*WHAT TO WORK ON*. Only the text carries over: repeat the records exactly and drop the images.

*ENTRIES SUPPLIED*.
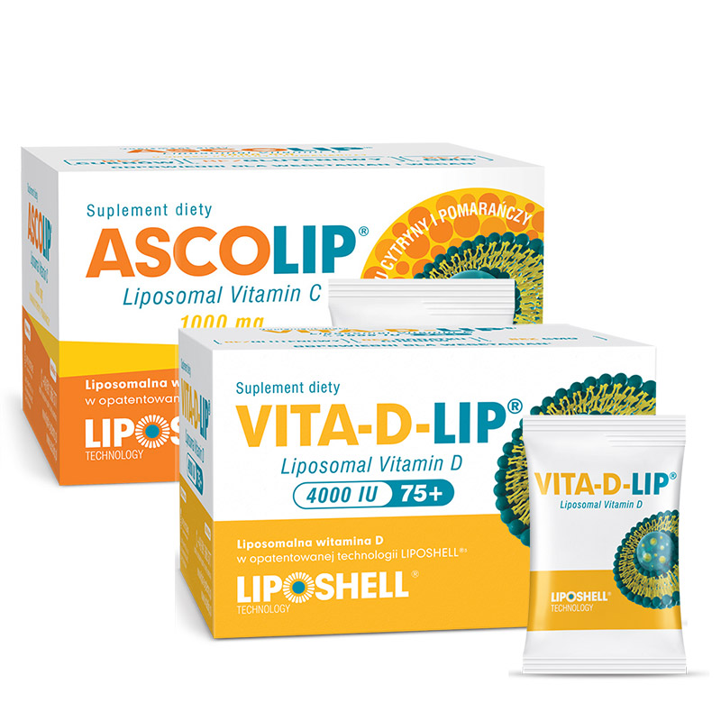 Vita-D-LIP 4000 IU 75+ Liposomalna witamina DSuplement diety przeznaczony dla dorosłych powyżej 75. roku życia, zawierający witaminę D w liposomalnej formie LIPOSHELL®.
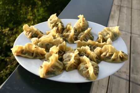 Vous trouverez la forme « aumonière » avec des feuilles de riz, dans la recette « bouchées de crevette à la vapeur« .
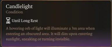 《博德之门3》自动调光MOD,改变Light、Daylight和Dancing Lights法术,具有一些生活质量功能,例如重新应用效果、在阳光下自动调光、关闭/打开它们以及对Dancing Lights的完全重新设计,在您需要时点亮,而不是在不需要时点亮。
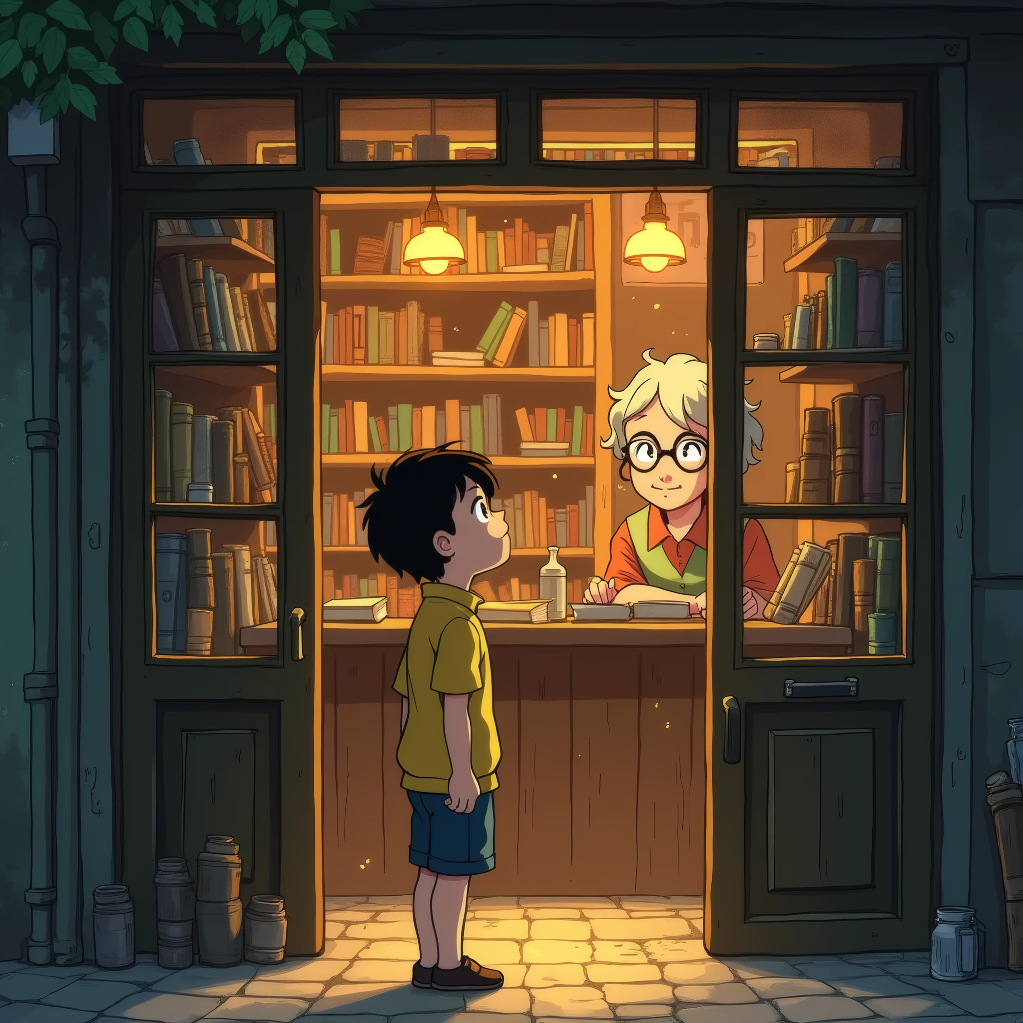 Kid discovering a hidden bookshop
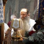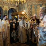 Ierarhul a săvârșit Sfânta Liturghie în biserica așezământului monahal, înconjurat de un sobor de preoți și diaconi, în prezența numeroșilor credincioși, care au venit să se roage și să primească Binecuvântare Arhierească.

*EXERCISE RESULT*.
 Vita-D-LIP 4000 IU 75+ Liposomalna witamina DSuplement diety przeznaczony dla dorosłych powyżej 75. roku życia, zawierający witaminę D w liposomalnej formie LIPOSHELL®.
 Vous trouverez la forme « aumonière » avec des feuilles de riz, dans la recette « bouchées de crevette à la vapeur« .
 《博德之门3》自动调光MOD,改变Light、Daylight和Dancing Lights法术,具有一些生活质量功能,例如重新应用效果、在阳光下自动调光、关闭/打开它们以及对Dancing Lights的完全重新设计,在您需要时点亮,而不是在不需要时点亮。
 Kid discovering a hidden bookshop
 Ierarhul a săvârșit Sfânta Liturghie în biserica așezământului monahal, înconjurat de un sobor de preoți și diaconi, în prezența numeroșilor credincioși, care au venit să se roage și să primească Binecuvântare Arhierească.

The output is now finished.